土地1㎡あたりの固定資産税評価額 × 住宅の床面積の2倍(一戸あたり200㎡迄)× 3%

固定資産税清算金

固定資産税や都市計画税は、4月1日(もしくは1月1日)時点で不動産を所有している人が同年1年分の税金支払う決まりです。そのため、年の途中に不動産の引き渡しがあった場合は、売主が払う税金を買主が負担するのが一般的で、これを固定資産税(および都市計画税)の精算金といいます。一定の条件を満たす不動産であれば税額軽減措置が適用されます。

※精算金は売買価格に加算されるので、売主が法人の場合は消費税が発生します。

測量費用・登記費用

測量費用については基本的に売主が、負担することが一般的です。ですが買主が土地の購入を正確な実測値で取引を希望したり、土地の一部を分割して購入したい場合、その境界を明確にするため土地家屋調査士に依頼ます。
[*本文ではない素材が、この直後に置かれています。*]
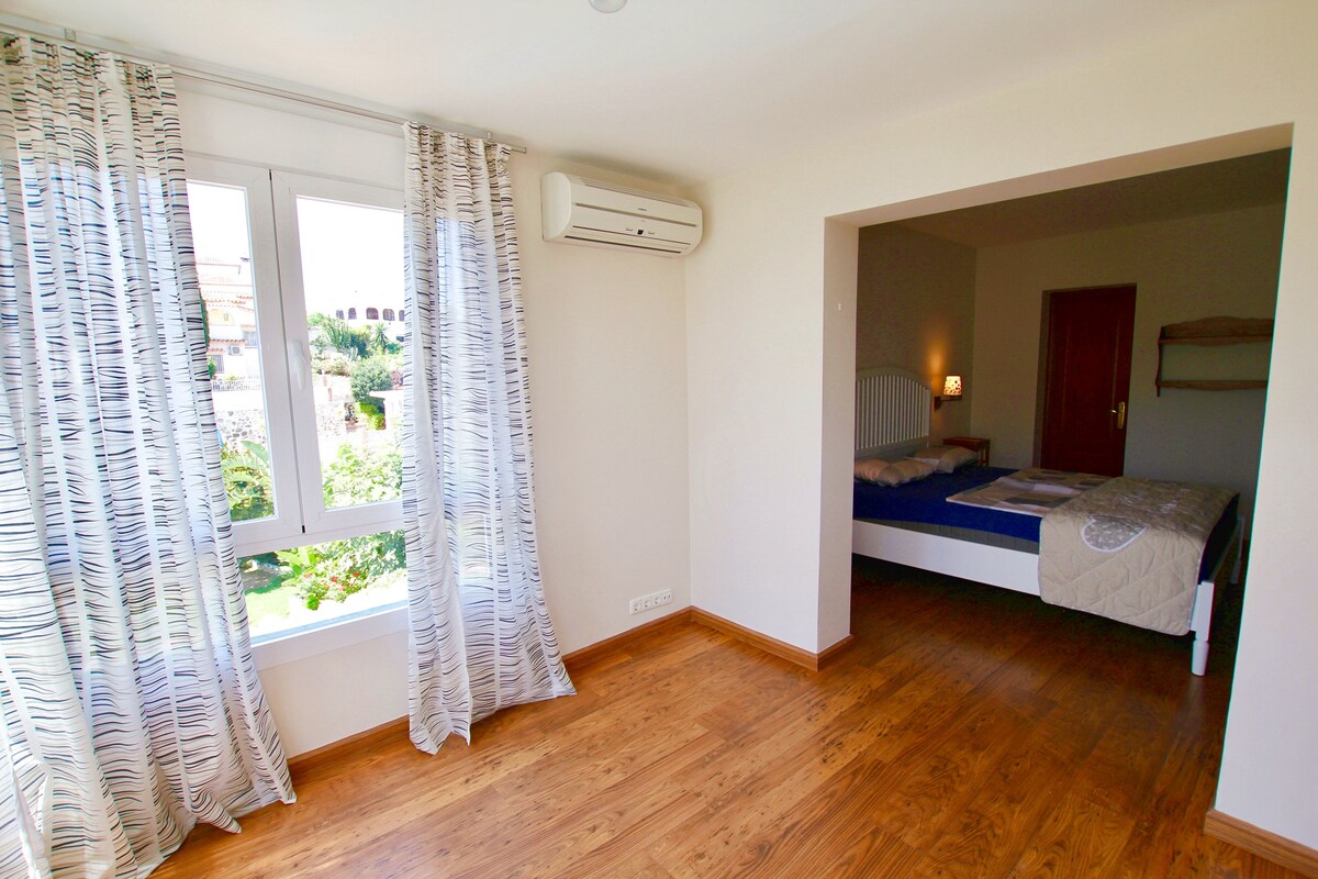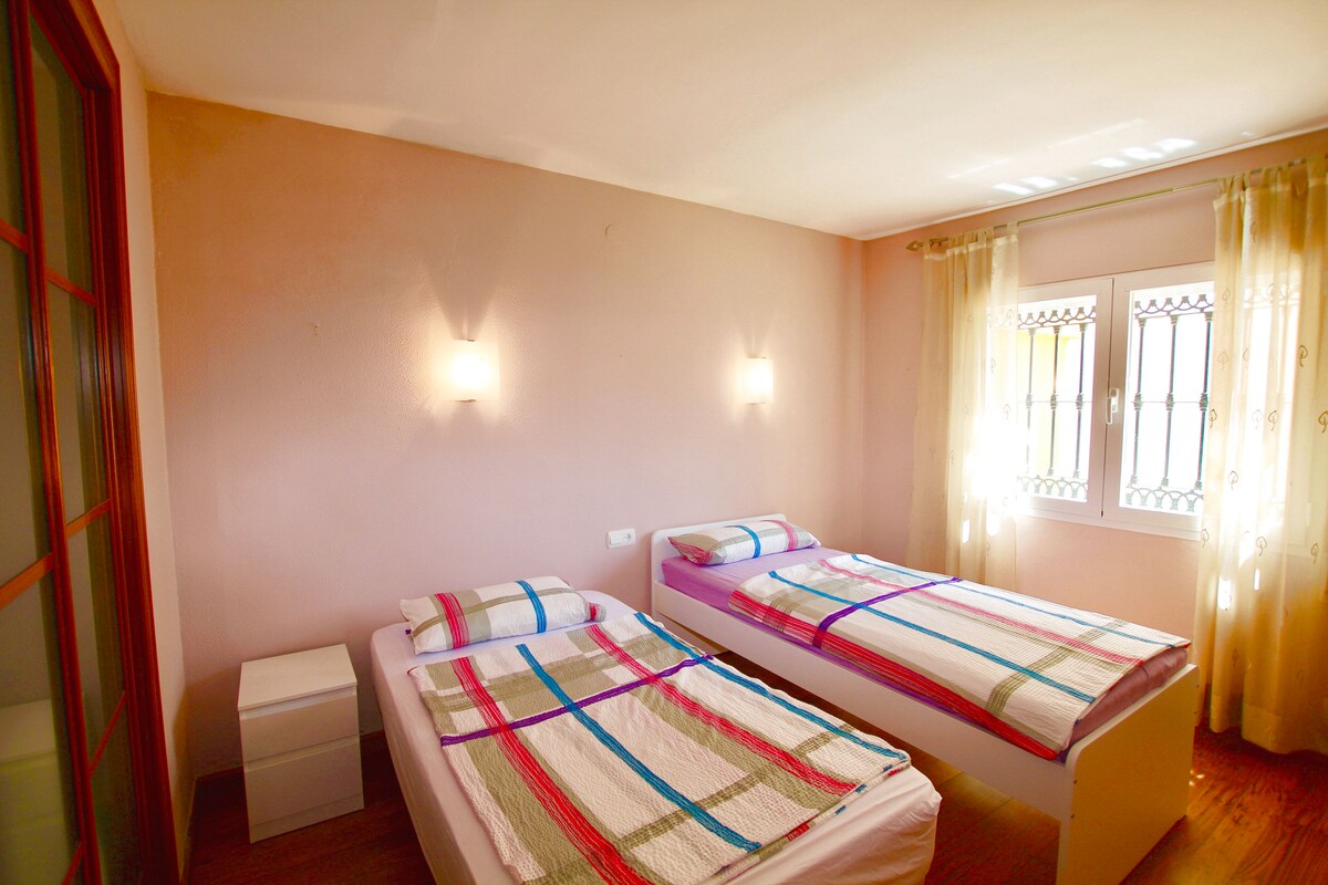 This spacious villa is superbly located close to numerous supermarkets, bars, restaurants, parks and entertainment but at the same time secluded and secure. It offers 3 levels with 4 bedrooms and 3.5 bathrooms, large garden perfect for BBQ. You will love the fantastic views of the pool and sea from the lounge terrace. Entering the main door you will find yourself on the main floor with a bright fully equipped kitchen, a dining area for 6 people and a living room with flat screen TV and fireplace. From the living room you access the generously sized terrace with covered lounge area. Relax with a glass of wine or a meal with your friends and family and enjoy the fantastic view of the pool and the sea. The guest bathroom is also available on this floor. On the middle level you will find three bedrooms. The master bedroom has a king size bed, ensuite bathroom, large wardrobe, pool view from the windows and free space where you can start your day with some morning exercises while enjoying the tranquility and sunlight. The other two bedrooms offer a king size bed and two single beds. In addition, there is a shared bathroom with a shower. All bedrooms on this level have built-in wardrobes. On the ground floor there is a separate studio with its own fully equipped kitchen and a bedroom with a double bed. The lounge area has a sofa that opens into a bed for 1 person and a flat screen TV. Air conditioning in the living room, the master bedroom and the study on the lower level. Both kitchens are equipped with all the necessary cutlery and dishes, refrigerator, microwave and stove. The kitchen on the main floor also has an oven, dishwasher and coffee maker. Downstairs you have a washing machine. The pool area, currently unavailable, has a dining area for 4 people, sun loungers and a gazebo covered with curly ivy perfect for barbecue. The territory of the villa is very green, secluded by lush flower bushes and covered from the sun by tall trees. This villa has everything you could wish for your perfect vacation! Renting this villa you will have: Upper level: Bedroom 1: King size bed, private bathroom, Air conditioning Bedroom 2: 2 single beds Bedroom 3: King size bed 1 bathroom with shower Middle level: Living room with TV, fireplace, Air conditioning Fully equipped kitchen with dining area Terrace with seating area and panoramic view Ground floor: Kitchen with dining area Bedroom with double bed Sofa bed for 1 person TV Air conditioning, dining area and gazebo with barbecue Wifi Parking on the street. Underground parking on request (free of charge). We also have a baby cot and a high chair for families with small children. The terrace is safe for children. The location of this villa is perfect, it offers privacy and tranquility, surrounded by other villas, but close to all amenities and entertainment. One of the best sandy beaches on the Costa del Sol is a 12 minute drive away. The center of Benalmádena is a 10 minute drive away, and the train station is a 20 minute drive away. There are many restaurants and supermarkets within a 10 minute walk. If you are traveling with children they will be delighted for Selwo Marina aquarium with dolphins and Paloma Park with rabbits and chickens are only a 6 minute drive away. Holiday villa for rent on the Costa del Sol. Baby package €39: including cot and high chair, on request and subject to availability. The courtesy set is provided only for the beginning and not for the whole stay.The swimming pools have very different opening hours, please inquire before booking to ensure the pool is open during your stay.

その時、確定測量費と表示登記申請費用がかかります。これらの費用は土地の場所・広さ・形状など様々な条件により違ってきます。隣地の協力も必要で、協力が得られない場合は難航するためその金額も多くなります。購入前には特にこの土地家屋調査士に費用について相談するようにしましょう。

農地転用関係

農地法により、農地を宅地にするには行政書士に依頼し、許可又は届出を行う必要があります。費用はおおよそ10万円~20万円くらいです。宅地への転用許可が下りると、さらに土地家屋調査士に「土地の地目変更登記」も依頼しなくてはいけません。この依頼料は3万円から4万円が一般的な費用だとわれています。

古家取壊費用

古家の残っている土地を購入した際にはその解体につき工事がかかります。地中にある古い浄化槽の撤去や、高い建物で足場を組む必要がある場合、また、アスベストを使用している建物は、その対策費用分も割り増しになります。購入前に概算費用を確認しておきましょう。

インフラ整備費用

安く購入できる土地は上下水道や電気、ガスなど引き込み配管、配管の設備がない場合があります。その場合は購入後にこれらの設備を整えなければならず、場合によっては100万円を超える場合も珍しくありません。